The 2014 Cherry Drying Wrap-up

As many of you know, I live in Florida but spend my summers up in Washington State where I do the odd job of drying cherries by helicopter after it rains.  Thing is, it doesn’t rain much in the interior of Washington State, which makes it a good place to grow cherries.  But when it does rain, the farmers freak-out because too much rain is bad for their crop. (They can always add moisture if needed via irrigation.)   Cherries absorb moisture, and if they absorb too much they’ll split open and be rejected by the packing plant.  We helicopter pilots (and there are dozens of us from Oregon north to the Canadian border) sit around on “stand-by” waiting for it to rain so we can go out and do our thing.

Some years it rains a lot.  This past summer was particularly dry; we hardly flew at all.  Plus it was blisteringly hot – over 100 degrees nearly every day in July.  So we sat around…inside mostly, trying to keep cool.  There was not any relief in the evenings – most days it wouldn’t get below 90 until after nine p.m.!  So much for lazy, evening barbecues.

The season started early, and for some reason it caught us by surprise although it shouldn’t have.  Normally the growers want their stand-by charges to start in mid- to late-June.  This year the spring was unseasonably warm which accelerated the cherry growth.  Thus, when we got some rain in early June the farmers all hit the Panic! button.  It nearly caught us with our pants down.

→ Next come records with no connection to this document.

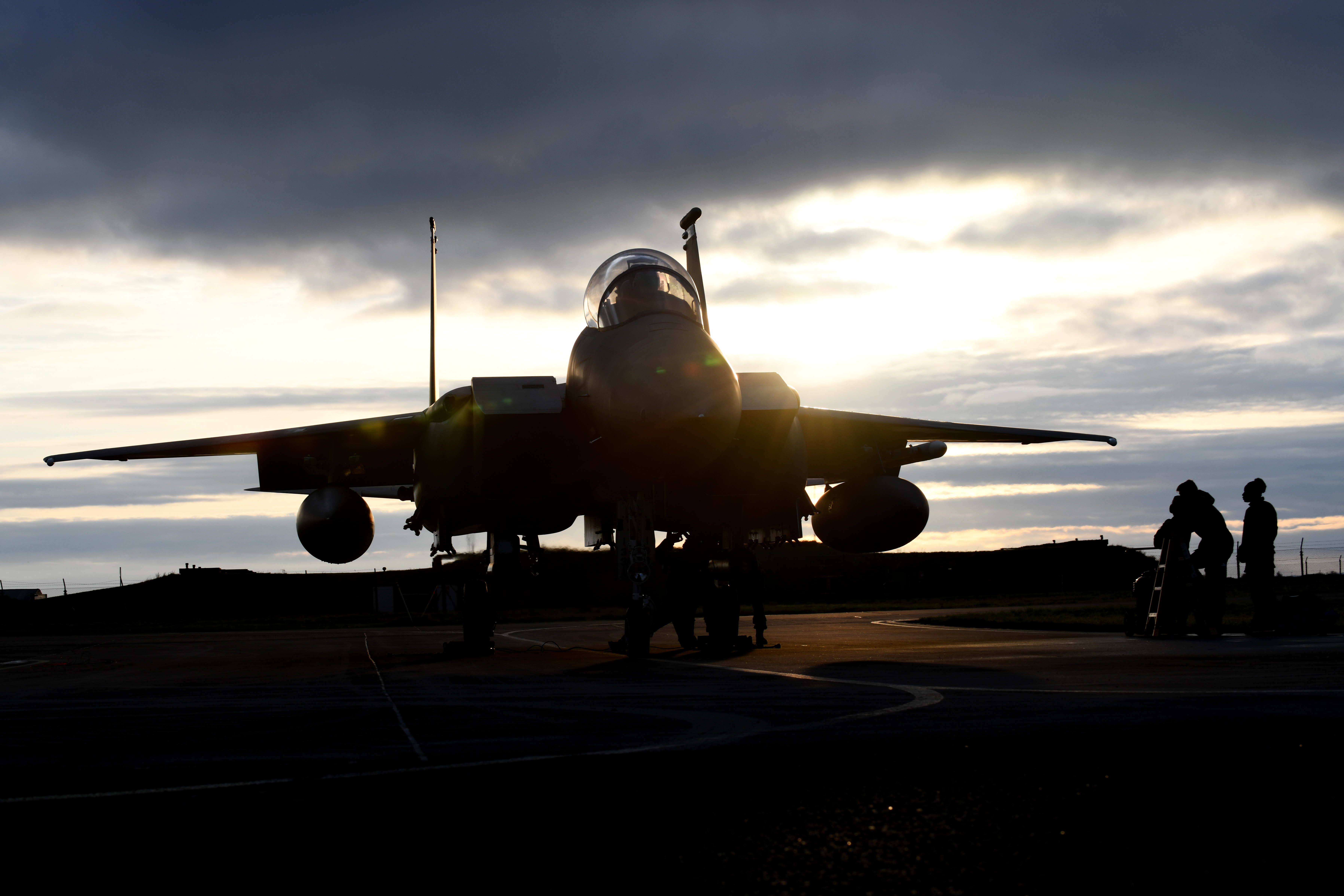 U.S. Air Force F-15C Eagles and F-15E Strike Eagles assigned to the 48th Fighter Wing conduct aerial operations in support of exercise Point Blank 19-8, over the North Sea, Nov. 14, 2019. The purpose of Point Blank is to exercise large force capabilities that incorporate current and future wartime scenarios. This iteration is especially unique in that it features special operations forces and the ‘Iron Triad’. (U.S. Air Force photo/ Staff. Sgt. Rachel Maxwell)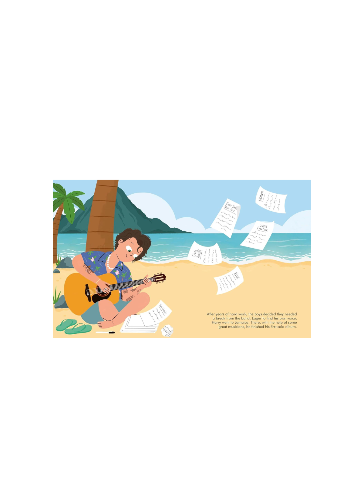 From a young age, little Harry loved singing and performing, and he sparked joy in the hearts of his audience. Today, his albums have reached the top of the charts and he has won award after award. Through his heartfelt lyrics, daring fashion and adventurous spirit, Harry sends a message of love and kindness, and he encourages his fans to do what makes them happy. This book features quirky illustrations and?extra facts at the back, including a biographical timeline with historical photos and a detailed profile.
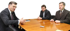 SOCIALDEMOKRATAI: Šiauliuose viešėjęs parlamentaras Algirdas Butkevičius, Lietuvos socialdemokratų partijos pirmininkas, (kairėje) kritiškai kalbėjo apie valstybės valdymo problemas. Diskusijose dalyvavo ir miesto socialdemokratų lyderiai ( iš dešinės) — Seimo nariai Edvardas Žakaris ir Valerijus Simulik.
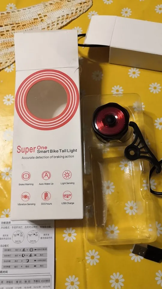 Свет как описано. Вы получаете зарядный кабель. Он имеет одну кнопку для различных модов, stabke, света, мигания и т. Д. Продукт массивный и не выглядит дешево, легко крепится на подседельный штырь велосипеда. Доставка занимает около месяца. Продавец рекомендует!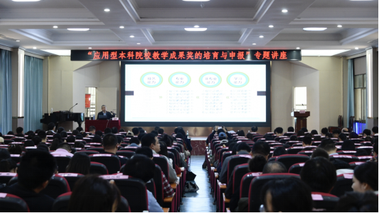 本网讯(通讯员 李水华 摄影 范睿庭)为增强我校教师培育和凝练教育教学成果的能力,提升学校教学成果奖申报质量,提高教师科研能力水平,10月27日下午,北京交通大学原副校长张星臣教授应邀为我校教师作题为《应用型本科院校教学成果奖的培育与申报》的专题讲座。学校常务副校长彭文武、校长助理刘义伦及教务处等相关部门、各二级学院负责人现场聆听讲座。校长陈治亚主持讲座。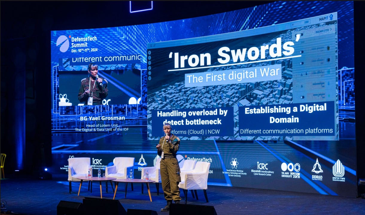 [A speaker at the DefenseTech Summit at Tel Aviv University, December 10, 2024]

After that initial spate of flying, the probability of precipitation dropped to zero and stayed that way in the forecast through Christmas.  Oh occasionally a little stray shower would make it’s way across the Cascades and into our orchards.  I flew a little in the middle of June, a little at the 24th of June, and then not again until July 27th.  Can you say, “boring?”  I knew you could.

Then there was The Fire.  Officially it is called The Carlton Complex Fire.  It started on Monday, June 14th near the little town of Carlton which is northwest of us in Brewster.  So far it has consumed over 250,000 acres and more than 300 structures.  It is being called the biggest fire in the history of Washington State!  Although it is pretty much contained (98%), it still burns today, August 20th. Some say that it won't be completely out until the first snowfall.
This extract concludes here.